I can understand Maiak's final statement, but I personally disagree with it. Certainly, many Atheists would agree that a person "must follow the scientific method" to prove the existence of God before they can justify their theistic beliefs. However, I suggest that many Atheists, Agnostics, Monotheists, Bitheists and Polytheists -- would personally consider a sincere feeling of certainty about God's existence to be sufficient to justify a person's belief in one or more deities in the absence of an absolute proof.
- A common belief among conservative Christians is that a person chooses to be an Atheist for only one reason: if they were to believe in a God they would need to follow God's moral code as he/she has revealed to humanity. It may be a possible that some Atheists were so motivated, but I have never met any who would fit that description. Most are offended by the suggestion. The facts that persons identifying as Atheists are underrepresented in the prison population, while those identifying as Christians are over represented appear to contradict this belief.
- All the Atheists that I have communicated with, including my spouse, assert that they have been ethically forced to become Atheists on purely logical grounds. They see no evidence for such being(s) and many see multiple indicators that such beings do not exist. To be true to themselves, they cannot accept the existence of God, for the same reason as the average Christian cannot accept the existence of Thor, Venus, Baal, and countless other goddesses and gods of antiquity: there is no evidence for their existence. Many Atheists would argue that for a deity to be omnipotent, omnipresent, omnibeneficient is logically contradictory. The arguments about Theodicy -- how can an all-good God allow evil to exist -- has not been adequately resolved by many Atheists.

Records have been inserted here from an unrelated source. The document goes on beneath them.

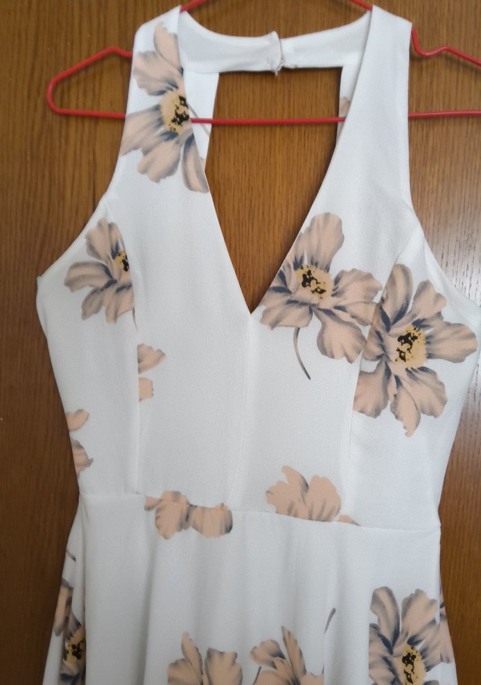 V yaka, kolsuz, midi uzunlukta beyaz elbise. Hafif çiçek desenli, sentetik yumuşak kumaştan, drapeli ve vücuda oturan kesime sahip.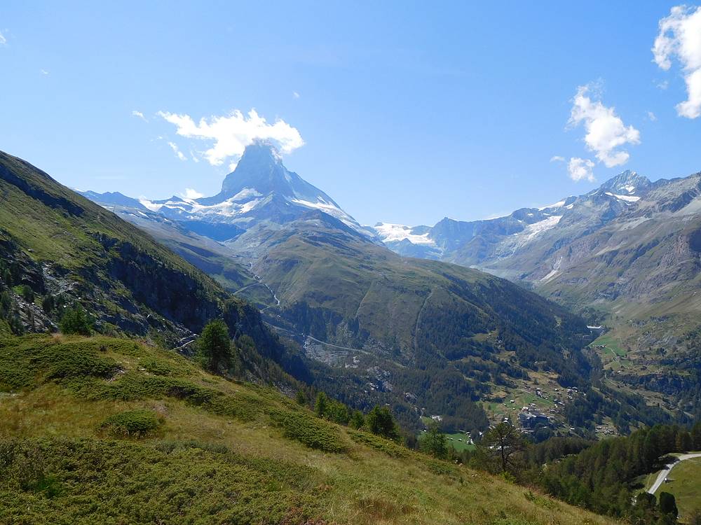 快晴なのでツェルマットへハイキングに向かう。電車は大混雑。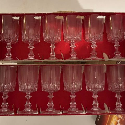Smukt sæt af 6 antikke kristal Val Saint Lambert glas, model Lalaign. Belgien, begyndelsen af det 20. århundrede.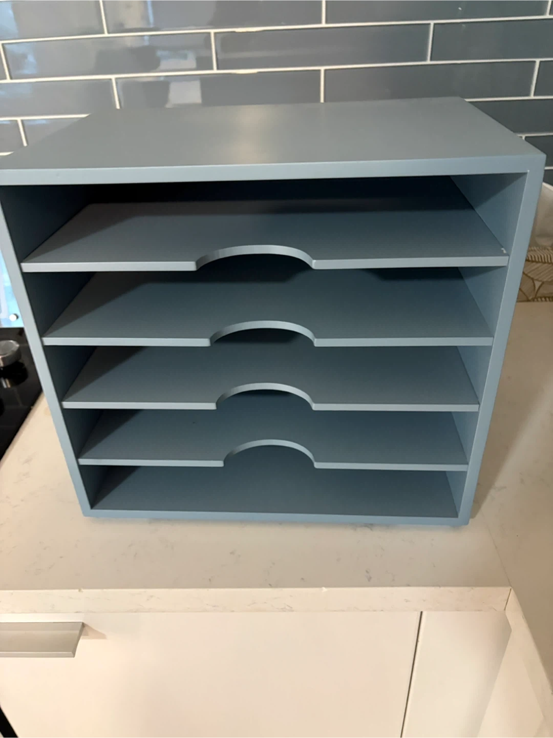 This set includes a black metal file sorter and a light blue wooden desk organizer with four shelves. The organizer helps keep papers and files tidy. It's suitable for organizing mail or documents on a desk.

It is worth noting that the only difference between an Atheist and a theist affiliated with the Baha'i, Christian, Judaism, Islam, Sikh, etc. is that a theist typically believes that many thousands of deities are none-existent whereas an Atheist has no belief in the same multiple thousands of deities, plus one.
The following information sources were used to prepare and update the above
essay. The hyperlinks are not necessarily still active today.

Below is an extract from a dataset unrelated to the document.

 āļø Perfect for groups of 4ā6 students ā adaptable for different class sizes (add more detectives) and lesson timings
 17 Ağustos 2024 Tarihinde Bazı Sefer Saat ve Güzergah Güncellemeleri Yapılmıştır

- The image was uploaded to Wikipedia.com by en:User:Brian0918 on 2007-MAR. Licensed under Public Domain via Wikimedia Commons.
- Austin Cline, "Definition of Weak Atheism," About.com, 2005, at: http://atheism.about.com/
- The word "portmanteau" has two unrelated meanings: a
word made up from two other words fused together, and a type of
suitcase that opens up in to two equal parts.
- "ACLU" refers to the "American Civil Liberties Union," a national group with state offices that promotes civil liberties for all.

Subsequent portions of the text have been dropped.